For this exercise, write out the whole listing below exactly, omitting its images.

▶ _Data shown_
________________

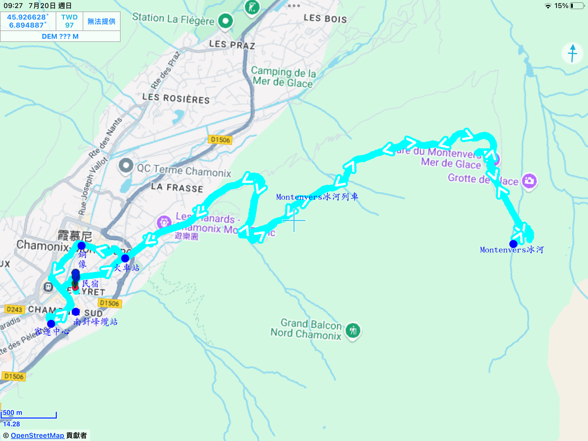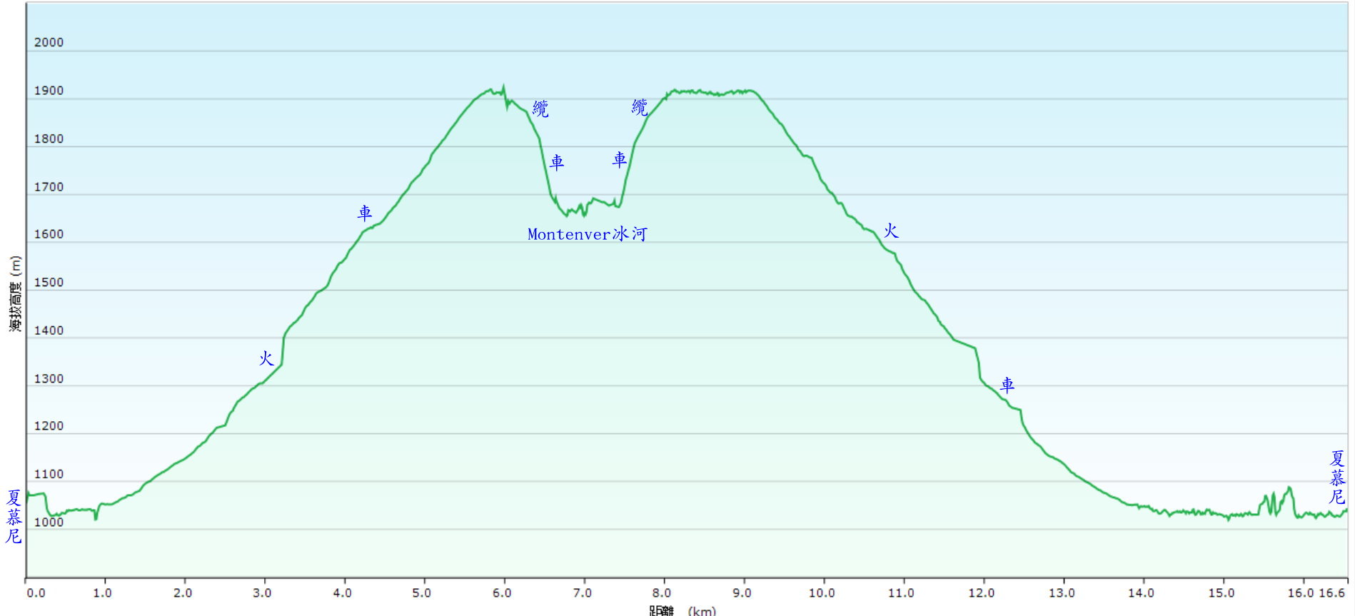 霞慕尼Chamonix>火車>纜車>Montenvers冰河>纜車>火車>霞慕尼Chamonix
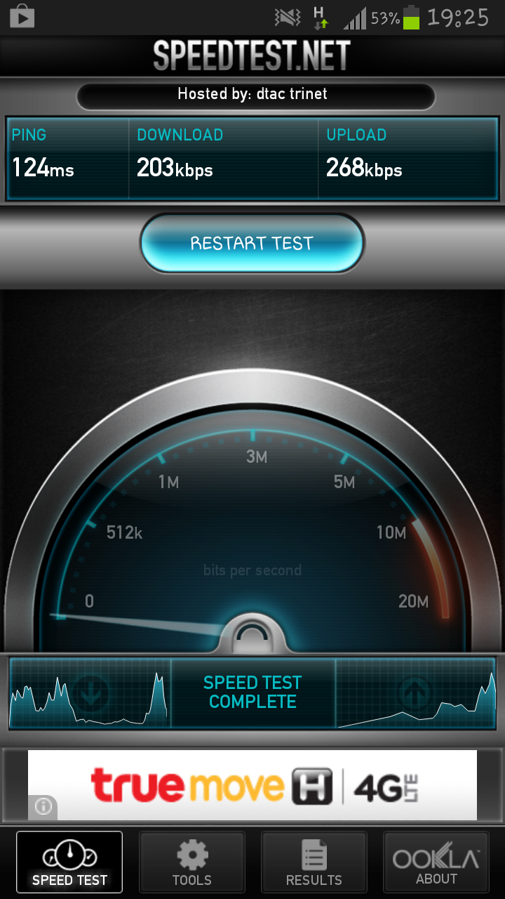 เนื่องจากวันอาทิตย์ที่ผ่านมาได้นำเอาซิมเทพ True Unlimited 4G ความเร็วสูงสุด 4 Mbps ที่ซื้อไว้ ไปให้แม่ที่อยู่อัมพวาได้ใช้งาน internet ตอนแรกทดสอบก็พอใช้งานได้ ความเร็วดาวน์โหลดได้ 3Mbps แต่อัพโหลดได้ไ
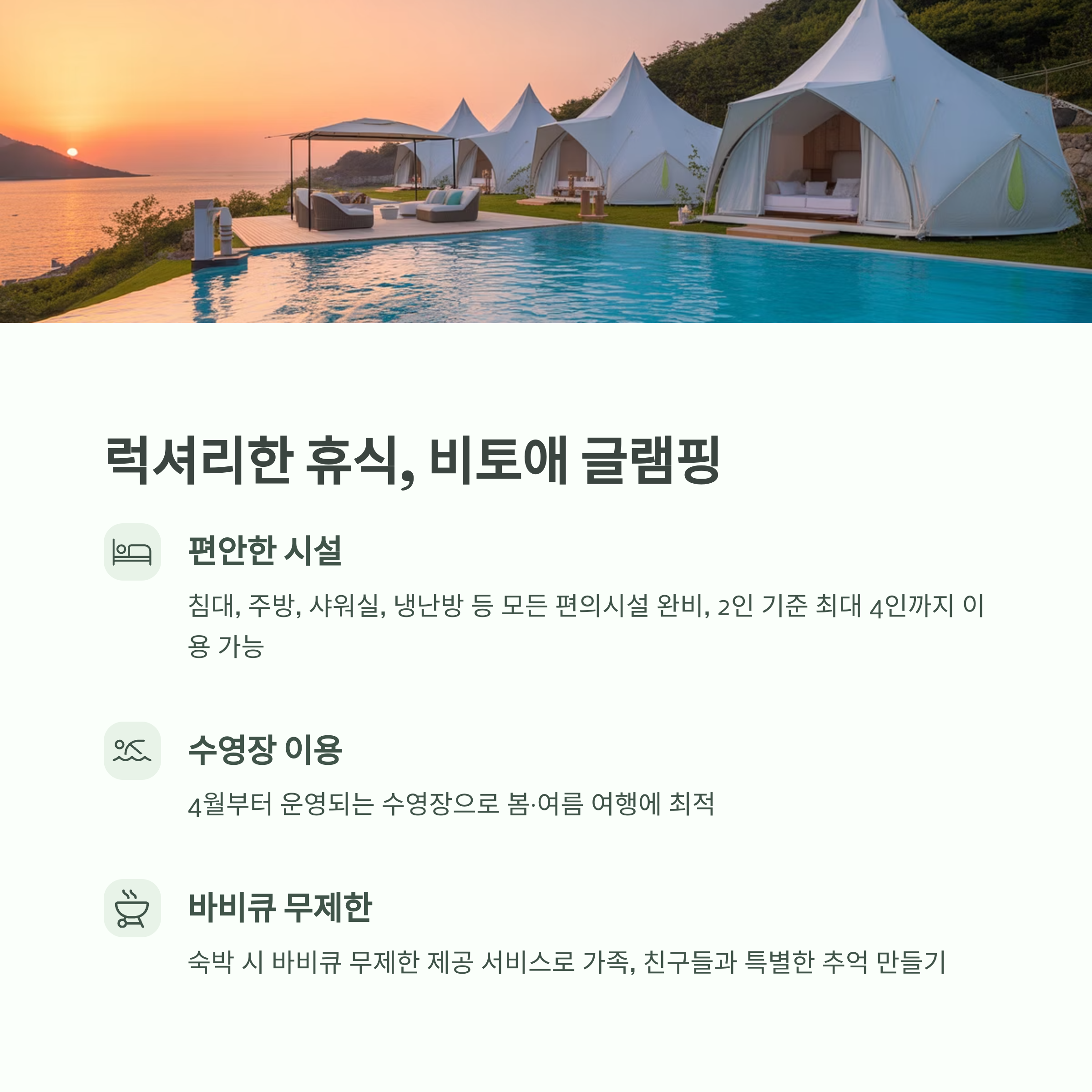 요즘 여수여행의 새로운 트렌드는 바로 글램핑입니다. 여수 돌산도에 위치한 ‘비토애 글램핑’은 럭셔리한 시설을 갖춘 숙소로, 바다 뷰가 인상적인 곳이에요.

________________

▶ _Expected answer_
 霞慕尼Chamonix>火車>纜車>Montenvers冰河>纜車>火車>霞慕尼Chamonix
 เนื่องจากวันอาทิตย์ที่ผ่านมาได้นำเอาซิมเทพ True Unlimited 4G ความเร็วสูงสุด 4 Mbps ที่ซื้อไว้ ไปให้แม่ที่อยู่อัมพวาได้ใช้งาน internet ตอนแรกทดสอบก็พอใช้งานได้ ความเร็วดาวน์โหลดได้ 3Mbps แต่อัพโหลดได้ไ
 요즘 여수여행의 새로운 트렌드는 바로 글램핑입니다. 여수 돌산도에 위치한 ‘비토애 글램핑’은 럭셔리한 시설을 갖춘 숙소로, 바다 뷰가 인상적인 곳이에요.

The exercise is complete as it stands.